山手通りを越え、駒場へと続く緩やかな上り坂に差し掛かる頃には、辺りは静寂に包まれていた。聞こえるのは、遠くを走る車の音と、陽一さんの足音だけ。
彼は私を横抱きにしたまま、一度も「重い」と言わずに歩き続けていた。
「……重いですよね?やっぱり降ります……」
「言ったでしょう。白石さん一人くらい、余裕です」
彼はそう言って笑ったけれど、街灯に照らされた額には、汗が滲んでいた。
「……陽一さん」
「……はい」
「最近、なんでずっとデートしてくれなかったんですか? ……私、てっきり……避けられてるのかと」
ずっと言いたくて言えない言葉だった。陽一さんは、一瞬だけ足を止めかけ、また歩き出した。
「……実は週3で、ジムに通ってたんです」
「……え?」
「白石さんの、お兄さんの……大地さんが経営してる……ジムに」
私は目を丸くした。お兄ちゃんのジム?
「……隠してて、ごめん。お兄さんに、『絶対に内緒だ』って、強く口止めされて。……白石さんが入院した後、お兄さんにジムに呼び出されたんです」
「お兄ちゃんが……!? ごめんなさい、私があとで……」
彼は、首を横に振り、言葉を続けた。
「最初は……正直、逃げ出したいくらいしんどかった。……でも、気づいたんです。これは、僕が白石さんの隣にいるために、必要なことなんだって」
「僕は、ずっと自信がなかった。……白石さんが僕なんかと付き合ってくれても、それはバグみたいな奇跡で……いつか、もっとふさわしい相手が現れたら、僕はいらなくなるんじゃないかって」
「陽一さん……」
「傷つくのが怖くて、白石さんと向き合うことから逃げてました。……でも、身体を追い込んでいくうちに、少しずつ……自分も、胸を張って白石さんのそばにいてもいいんじゃないかって、思えてきたんです」
彼の腕に、ぎゅっと力がこもる。
「……私のために、そこまでしてくれたの?」
「白石さんのためでもあるけど……自分のためでもあります。……僕はイケメンじゃないから……せめて、中身と筋肉くらいは、カッコいいとこ見せないとって」
彼は照れ隠しのように笑って視線をそらした。以前の彼なら、きっとこんなに力強く私を抱き上げるはできなかっただろう。この腕の太さも、伝わってくる確かな熱量も、すべてが彼の努力の証なのだ。
「……陽一さん。こっち向いて」
「……?」
不器用で、世界で一番誠実な私のヒーロー。私が彼の首に回した腕を引き寄せると、陽一さんが不思議そうにこちらを見た。

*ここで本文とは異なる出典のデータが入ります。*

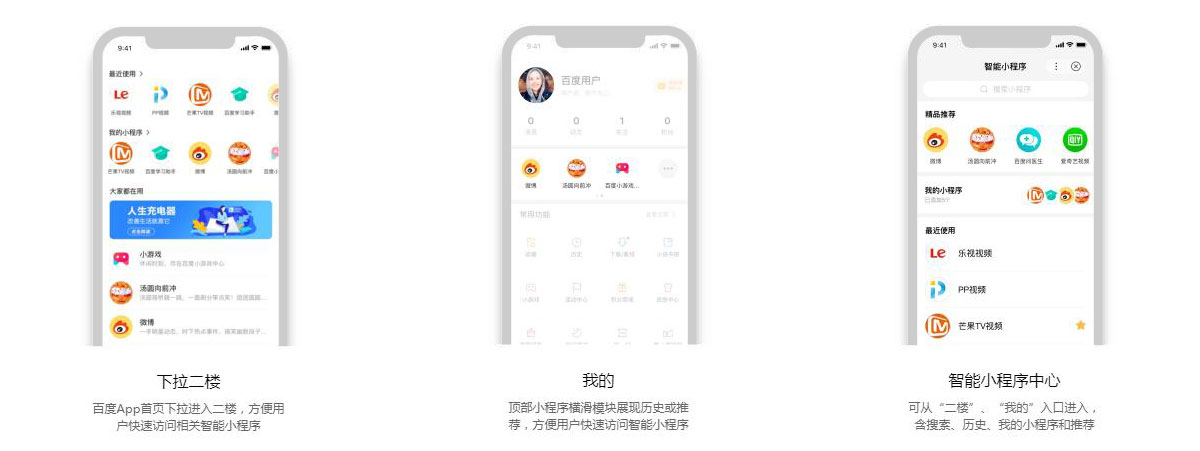 百度App首頁(yè)下拉進(jìn)入二樓,方便用戶(hù)快速訪問(wèn)相關(guān)智能小程序。頂部小程序橫滑模塊展現(xiàn)歷史或推薦,方便用戶(hù)快速訪問(wèn)智能小程序??蓮摹岸恰薄ⅰ拔业摹比肟谶M(jìn)入,含搜索、歷史、我的小程序和推薦。

私は迷わず、その頬に手を添え――彼の唇を、私の唇で塞いだ。
「――っ!?」
陽一さんが驚いて立ち止まる。触れただけの、柔らかくて、少ししょっぱい汗の味がするキスだった。
「わ、わわっ! ……し、白石さん!?」
陽一さんの顔が、街灯の薄明かりの下でも分かるほど、みるみる赤くなっていく。
「……ふふっ。陽一さん、顔真っ赤」
「だ、だって、いきなり……! 心臓が……!」
「……私のこと、落とさないでね?」
「……死んでも落としません」
自宅までのあと数百メートルが、永遠に続けばいいのに。私は彼の首にそっと腕を回し、その逞しい胸に顔を埋めた。